IN CONVERSATION: IEX switches to a rules-based structure with new Signal model

In April, Investors Exchange (IEX Exchange) rolled out the latest version (V6) of its unique predictive price model, Signal. With the latest iteration finally providing the exchange with enough data to analyse the effect of the Signal V6 on D-Peg and P-Peg orders, the firm spoke exclusively to BEST EXECUTION about how V6 ‘learns’ from the market, why transparency is key and how things have changed since the last update.

Designed to predict more price changes than V5, which hit the market in 2018, IEX Exchange says V6 enhances performance for pegged orders on the firm’s exchange, by looking at both size and number of venues (rather than just venues), and factors in the addition of three new US equities exchanges – MEMX, MIAX and Nasdaq PSX.

Matt Weinberg, head of business development, IEX.

“V6 is more rules-based, a series of decision trees. There are nine rules and any one of the nine rules can turn on the Signal. It is what we call a crumbling quote indicator,” Matt Weinberg, head of business development at IEX Exchange, told Best Execution.  

V6, thanks to its rules-based structure, constantly evaluates the effectiveness of each of the rules per symbol, explained head of business analytics Sam Stevens. If the Signal determines that based on recent historical accuracy that one of the rules is not performing or predicting effectively, it will automatically turn that rule ‘off’.

“The model is, in some sense, designed to be learning in a predefined way that everyone can follow and understand,” Stevens added. Likewise, if that rule starts to become effective again, it can be turned back on.

“The sort of conditions in the morning when spreads are wider and markets are moving a lot more might be different in terms of predicting crumbling quotes than at the end of the day, when there’s a lot more liquidity and tighter spreads,” Stevens said.

The firm’s crumbling quote indicator is a proprietary statistical predictive model that targets adverse price changes and powers IEX Exchange’s signature protective order types, including D-Peg and P-Peg, to react “advantageously” to unstable market conditions.

Originally built using standard logistic regression (V6 has now shifted to a rules-based model) and designed to forecast imminent adverse national best bid and offer (NBBO) price changes, the Signal has been operational since 2014.

Stevens said both the former logistic regression model and the new rules-based model are publicly filed with the Securities and Exchange Commission (SEC), so everyone understands what market conditions will turn on the Signal.

Sam Stevens, head of business analytics, IEX.

“It’s one of the reasons it was approved by regulators and it’s something that we really believe in having; a transparent model. We don’t want it to be this ‘black box’ where people don’t know when the Signal is firing and when it isn’t,” Stevens added.

The firm, which launched in 2012 in response to what founders Brad Katsuyama and Ronan Ryan considered the deleterious effects of latency arbitrage, is an exchange with a built-in ‘speed bump’ – a 350 microsecond delay. “That’s about 1/1000 of the time it takes to blink. We’re talking a very, very short time here,” Weinberg said.

This feature – unique at the time of inception but since adopted by other competitors – is designed to protect orders from latency arbitrage strategies by slightly delaying incoming orders from customers so that the stock exchange itself always has the most up-to-date pricing information.  

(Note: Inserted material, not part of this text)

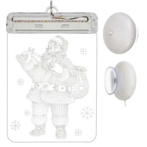 - SPECYFIKACJA - barwa światła: biała ciepła; wzór na witrażu: Mikołaj; ilość lampek w taśmie LED: 6; zasilanie baterie: 3 x AAA (brak w zestawie) wymiary: 17 x 11,5 x 1,5 cm; długość kabla: 19 cm; wymiary opakowania: 18 x 12,5 x 4,5 cm; waga: 108 g; waga w opakowaniu: 121 g.

The only thing that doesn’t go through the speed bump is IEX’s market data, which moves at 66% the speed of light through the fibre optic coil. This information is what IEX Exchange leverages to counter adverse price selection.

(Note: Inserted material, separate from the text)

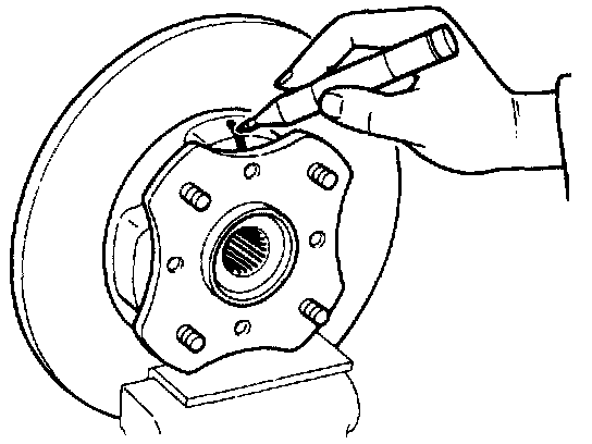 10. After marking the disc plate and wheel hub as shown, remove the four bolts from the back of the disc plate and remove from the hub.

“The Signal was introduced because we were able to see aggressive orders coming in right before a quote was about to change,” Weinberg explains.

The firm has updated the Signal five times, the last being in May 2018. Since then, IEX Exchange released D-Limit, a new order type that incorporates the Signal. The firm said market conditions have also changed since 2018, pointing to the rise in retail trading and the surge in volatility during the Covid-19 pandemic, an increase in market volumes and the average number of NBBO quote changes. 

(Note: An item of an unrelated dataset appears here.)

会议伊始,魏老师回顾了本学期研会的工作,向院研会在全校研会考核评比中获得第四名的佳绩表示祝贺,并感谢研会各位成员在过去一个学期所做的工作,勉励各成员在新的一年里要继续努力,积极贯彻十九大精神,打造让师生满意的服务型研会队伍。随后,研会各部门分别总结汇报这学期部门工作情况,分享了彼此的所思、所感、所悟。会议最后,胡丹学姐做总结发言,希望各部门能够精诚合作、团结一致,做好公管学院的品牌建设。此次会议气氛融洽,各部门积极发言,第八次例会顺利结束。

In 2020, IEX Exchange sought approval from the SEC for the D-limit order it introduced that year, which was designed to protect liquidity providers from potential adverse selection resulting from latency arbitrage trading strategies, and to encourage members to submit more displayed limit orders to the exchange. Contested by market maker Citadel Securities, the approval was granted by the SEC in July 2022 which IEX Exchange at the time said was a “huge win for all investors.”